On April 28, 2005, the Florida Department of Health announced the ongoing investigation of an upsurge of Florida residents ill with Cyclospora. Over the course of several weeks, Florida residents had complained of intermittent or persistent diarrhea, loss of appetite, substantial weight loss, bloating, increased gas, stomach cramps, nausea, vomiting, muscle aches, low-grade fever, and fatigue.
Over the course of the next weeks and months, Health Departments, including Sarasota County, worked to locate the cause of the outbreak. Sarasota County focused on the Beanstalk restaurant as the most likely source given the number of ill reporting having eaten there in the incubation period of this intestine burrowing parasite.


According to the Florida Division of Environmental Health, Food and Waterborne Disease Program, the Bean Stalk restaurant was on of two restaurants implicated in Sarasota County. The Bean Stalk was described in a presentation by Roberta Hammond, PhD as “Sarasota #1 – independent restaurant/caterer to several offices” – including Mediserve. Ultimately, ninety one cases were confirmed as having been sourced from the Bean Stalk restaurant.

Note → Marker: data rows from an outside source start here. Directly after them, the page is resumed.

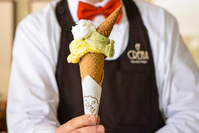 Nata nel 2020 dall’incontro tra l’iconico marchio di moda Bulgari e il maestro della gelateria d’autore Claudio Torcè, Crema Alta Gelateria ci accoglie oggi immersa in un’atmosfera al contempo raffinata e dai toni caldi, resa tale proprio grazie alla presenza di elementi quali il legno di mogano, l’ottone e le antiche zuccheriere che ci fanno tornare con un solo sguardo ai caffè e alle cremerie storiche. Ma è con una vetrina di oltre 50 gusti che vuole raccontarci la sua storia e i suoi stili di gelato, premiato per due anni di fila con gli iconici 3 coni da Gambero Rosso.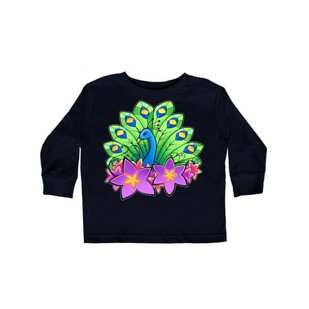 Inktastic Peacock and flowers Gift Toddler Boy or Toddler Girl Long Sleeve T-Shirt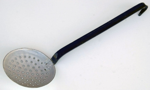 schiumare il brodo o estrarre le vivande già cotte dall'acqua e dall'olio bollenti
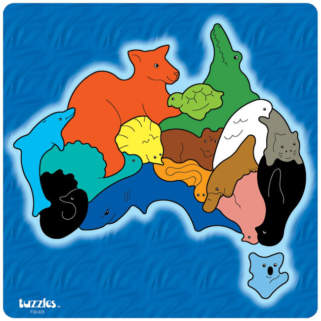 A mosaic consisting of well known Australian animals. The Crocodile at Cape York, the Great White Shark in the Great Australian Bite, the Dolphins at Monkey Mia in Western Australia. Children learn a lot of interesting information whilst they practice their puzzle skills. This Flat Tray wooden puzzle is called Australian Animal Mosaic.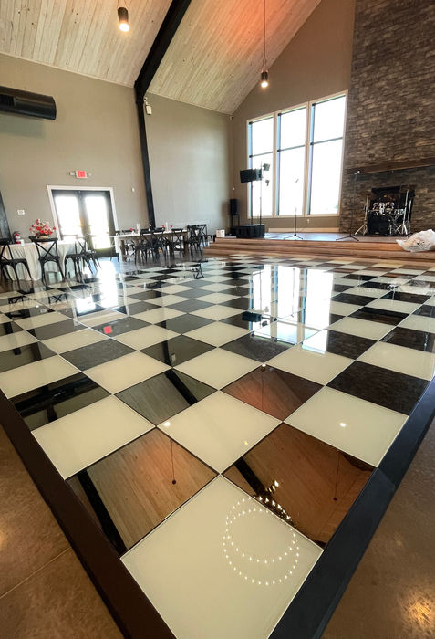 From elegant glass-top dance floors to classic looks like black-and-white checkered floors, all-white layouts, or sleek all-black designs, every detail is customizable to perfectly fit your venue and vision. Each floor can be built to any size, ensuring a seamless fit for both intimate gatherings and large-scale celebrations.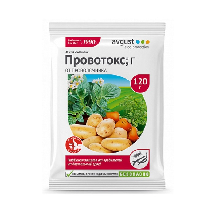 Инсектицид Провотокс - эффективный препарат для защиты от проволочника, обладающий контактно-кишечным механизмом действия и характеризующийся длительным периодом защитного действия. Он уничтожает личинок проволочника и снижает число поврежденных клубней. Не вызывает привыкания. Не токсичен для растений в рекомендуемых нормах расхода.
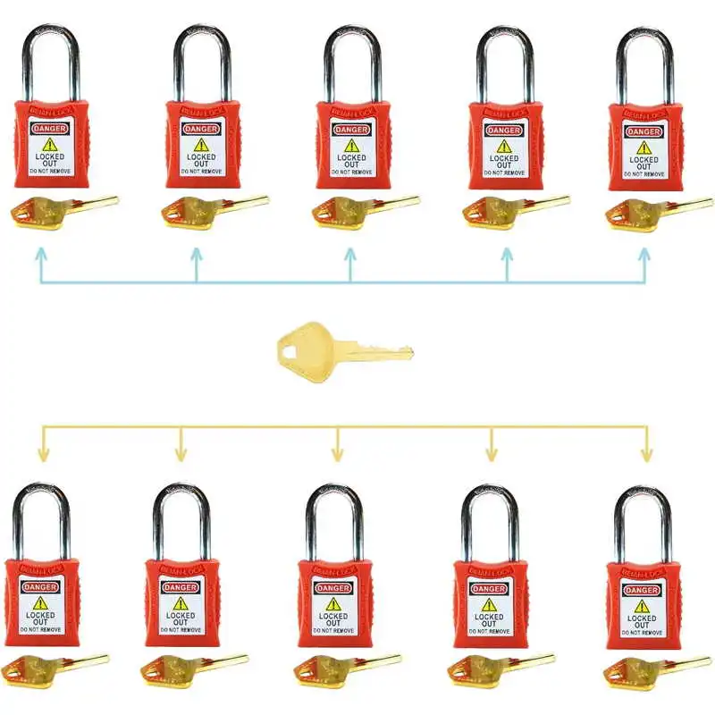 Each padlock in this 10 pcs set comes with its own unique key, and the master key allows you to open all padlocks for convenient access. This feature provides a flexible and convenient solution for outfitting multiple workstations with lockout padlocks, while ensuring maximum security.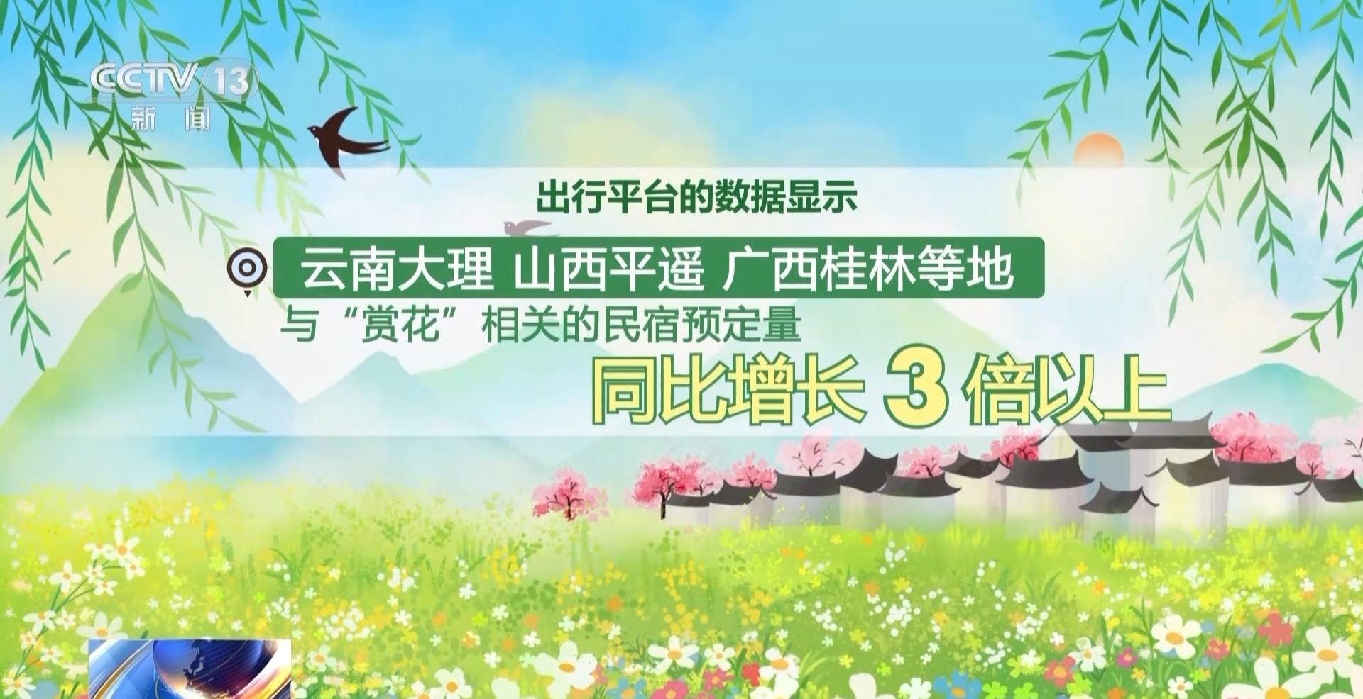 出行平台的数据显示,云南大理、山西平遥、广西桂林等地与“赏花”相关的民宿预订量同比增长3倍以上。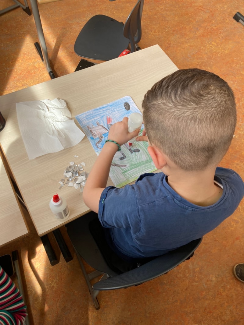 We maakten een stoere ridder π° waarbij het harnas werd versierd met kleine stukjes zilverpapier. Eerst hebben de kinderen…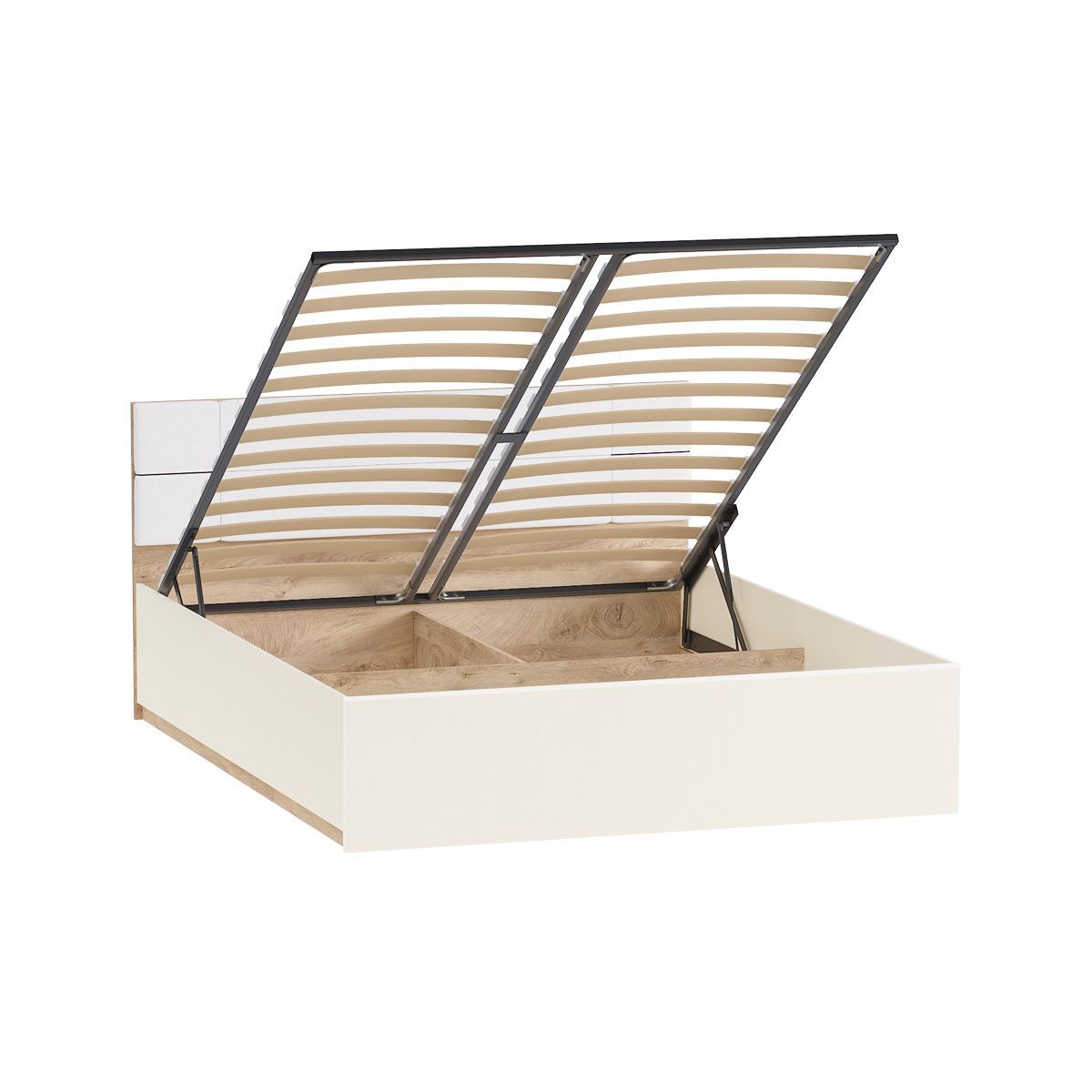 Под спальным местом кровати с мягким изголовьем скрывается вместительная система хранения, доступ в которую осуществляются с помощью подъёмного механизма ортопедического основания.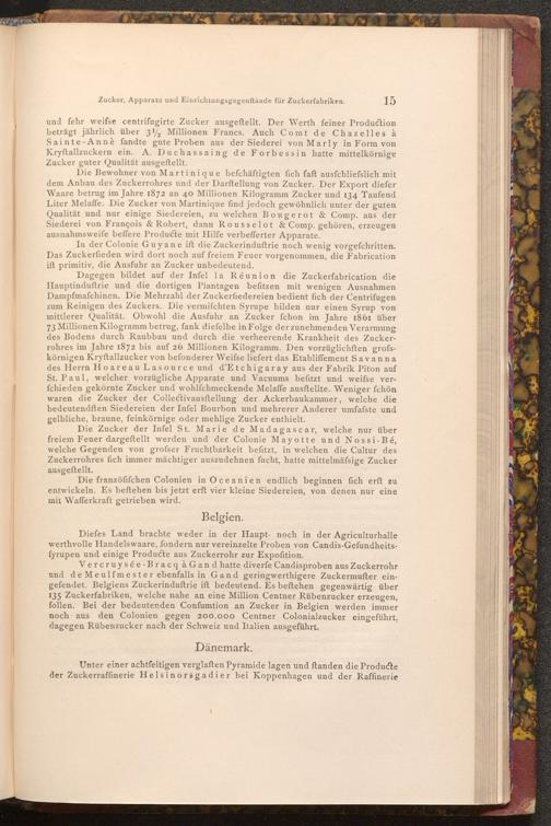 Dagegen bildet auf der Infel la Réunion die Zuckerfabrication die Hauptinduftrie und die dortigen Plantagen befitzen mit wenigen Ausnahmen Dampfmafchinen. Die Mehrzahl der Zuckerfiedereien bedient fich der Centrifugen zum Reinigen des Zuckers. Die vermifchten Syrupe bilden nur einen Syrup von mittlerer Qualität. Obwohl die Ausfuhr an Zucker fchon im Jahre 1861 über 73 Millionen Kilogramm betrug, fank diefelbe in Folge der zunehmenden Verarmung des Bodens durch Raubbau und durch die verheerende Krankheit des Zuckerrohres im Jahre 1872 bis auf 26 Millionen Kilogramm. Den vorzüglichften grofskörnigen Kryftallzucker von befonderer Weifse liefert das Etabliffement Savanna des Herrn Hoareau Lasource und d'Etchigaray aus der Fabrik Piton auf St. Paul, welcher vorzügliche Apparate und Vacuums befitzt und weifse verfchieden gekörnte Zucker und wohlfchmeckende Melaffe ausftellte. Weniger fchön waren die Zucker der Collectivausftellung der Ackerbaukammer, welche die bedeutendften Siedereien der Infel Bourbon und mehrerer Anderer umfafste und gelbliche, braune, feinkörnige oder mehlige Zucker enthielt.

Due in part due to outbreaks in Canada of Cyclospora illnesses linked to Florida, the Federal Food and Drug Administration (FDA) launched a product “trace-back.” This trace-back eventually implicated Country Home SA, Fundo Los Azahares, a manufacturer/shipper in Peru with the sale of contaminated “basil, fresh shredded mixed vegetables for salads and mesculin lettuce.”
The reason given for the FDA Alert was:
Fresh (raw) basil was implicated by an investigation of outbreaks of cyclosporiasis infection with the parasite Cyclospora cayetanensis that occurred in the spring of 2005, in multiple counties in Florida. FDA determined that the source of the implicated basil was Country Home, S.A., located in Huaral, Peru. In addition, FDA identified Country Home, S.A. as a possible source of mixed lettuce, called spring mix or mesclun that was implicated by investigations of two outbreaks of cyclosporiasis that occurred in 1997.